Installation Location: Joyce and Robert Menschel Hall for Modern Photography, Second Floor, Gallery 851

Now You See It: Photography and Concealment, an installation of 25 works at The Metropolitan Museum of Art, focuses on the dynamic interplay between concealment and revelation in contemporary photography and video art. The featured works, all from the Museum’s Department of Photographs, range from a late 19th–century photograph by Pierre-Louis Pierson to a recently acquired work by Thomas Demand.

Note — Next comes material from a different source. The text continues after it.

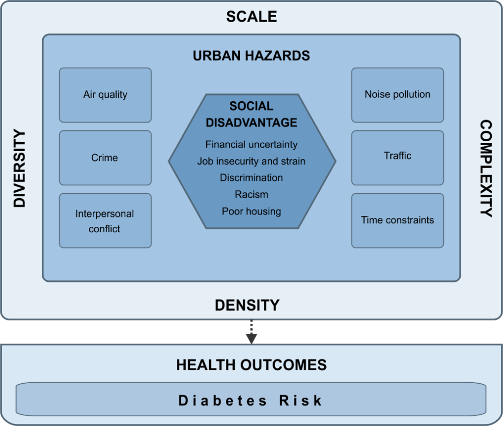 We present a novel conceptual framework called the Urban Stress Model, which intentionally crosses disciplinary boundaries. We suggest that the unique physical form of cities contributes to an increased stress burden through the interacting influences of daily urban hazards and social disadvantage. We use New York City as a case example because of its high diabetes rates and its legacy of unequal healthcare in the context of concentrated wealth. Therefore, New York City can provide valuable insights for newly developing urban centers worldwide confronting similar challenges and growing social and health inequality.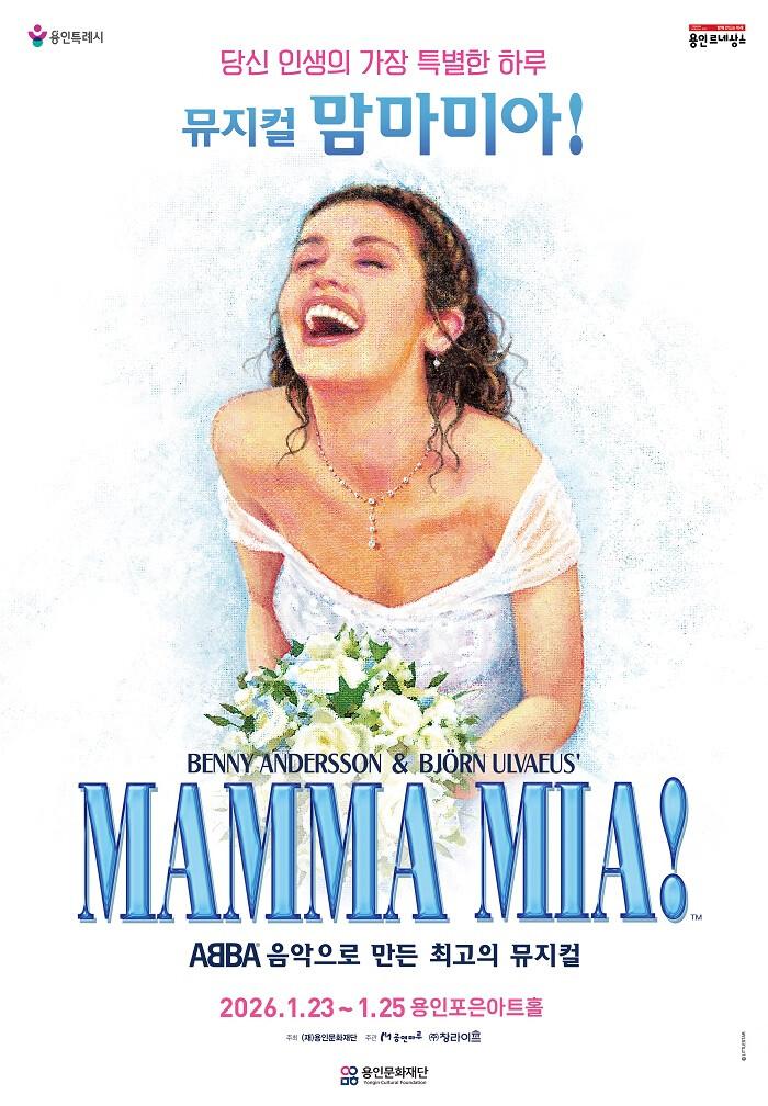 [용인=오왕석 기자] 용인문화재단(이사장 이상일)은 오는 2026년 1월 23일(금)부터 25일(일)까지 뮤지컬 ‘맘마미아!’를 용인포은아트홀에서 개최한다고 밝혔다. 관람 연령은 초등학생 이상으로, 겨울방학 기간 가족·친구·연인 등 남녀노소 누구나 함께 즐길 수 있는 대표 뮤지컬을 3일간 총 4회에 걸쳐 선보인다.

The installation presents works by artists who use the camera to reveal subjects or places ordinarily hidden from view, as well as works that explore broader themes of secrecy and obscured or partial vision. A highlight of Now You See It is Thomas Demand’s photographVault (2012). The image is based on a police photograph of a storeroom at the Wildenstein Institute in Paris, where 30 paintings and sculptures that had been missing for decades were discovered during a police raid in 2011. In Demand’s picture, as in the photograph on which it is based, the framed art works are turned to face the walls, remaining tantalizingly hidden from view. Other highlights include Vera Lutter’s haunting view of the seldom seen interior of the Pepsi Cola bottling plant in Queens, New York, Pepsi Cola Interior II: July 6-13 (2000), and Fazal Sheikh’s Desert Bloom (2011), a series of aerial photographs of the Negev desert. In Grace Nditru’s acclaimed video The Nightingale (2003), the artist explores the tradition of the veil and its complex associations of exposure and effacement. Accompanied by a recording of the Senegalese singer Baaba Maal, Ndiritu evokes a rapid-fire series of cultural references as she performs a hypnotic, Scheherazade-like series of gestures and movements with a piece of fabric, swiftly transforming it from turban to blindfold, and do-rag to noose to niqab. The tension between publicity and privacy, inherent in the field of photography, is explored in works by artists as diverse as Diane Arbus, Lutz Bacher, Jack Pierson, and Taryn Simon.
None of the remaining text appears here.